Track down every line below that holds "Gratiot" and copy it.

* [Data below]
[Start of section]

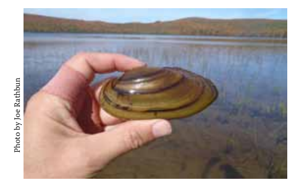
The Giant floater, Pyganodon grandis, is found in Gratiot Lake.

This workshop will cover the identification of mussels (also known as clams) found in inland lakes and rivers in the Keweenaw Peninsula and nearby counties. There will be a slide talk and short mussel identification practice session at the conservancy's Noblet Field Station in the morning followed by a hands-on mini-survey at Gratiot Lake after lunch. Topics that will be discussed are the importance of mussels to the ecology of lakes and streams, tips on identifying mussels, and the usefulness of mussel surveys in helping to determine the health of aquatic systems. Participants will receive a key to identifying mussels found in the Upper Peninsula. The afternoon survey will provide data on Gratiot Lake clams which will be submitted to the Michigan Natural Features Inventory.
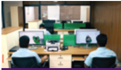
DESIGN & ENGINEERING
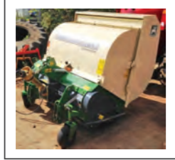
2017 Amazone Groundkeeper GH1350, £6,500. EX-HIRE, 1.35m cut, 1350 litres hopper capacity, low dump collector, mow, scarify, collect, chop and roll in one pass.

[End of section]

* [Result of the exercise]
The Giant floater, Pyganodon grandis, is found in Gratiot Lake.
This workshop will cover the identification of mussels (also known as clams) found in inland lakes and rivers in the Keweenaw Peninsula and nearby counties. There will be a slide talk and short mussel identification practice session at the conservancy's Noblet Field Station in the morning followed by a hands-on mini-survey at Gratiot Lake after lunch. Topics that will be discussed are the importance of mussels to the ecology of lakes and streams, tips on identifying mussels, and the usefulness of mussel surveys in helping to determine the health of aquatic systems. Participants will receive a key to identifying mussels found in the Upper Peninsula. The afternoon survey will provide data on Gratiot Lake clams which will be submitted to the Michigan Natural Features Inventory.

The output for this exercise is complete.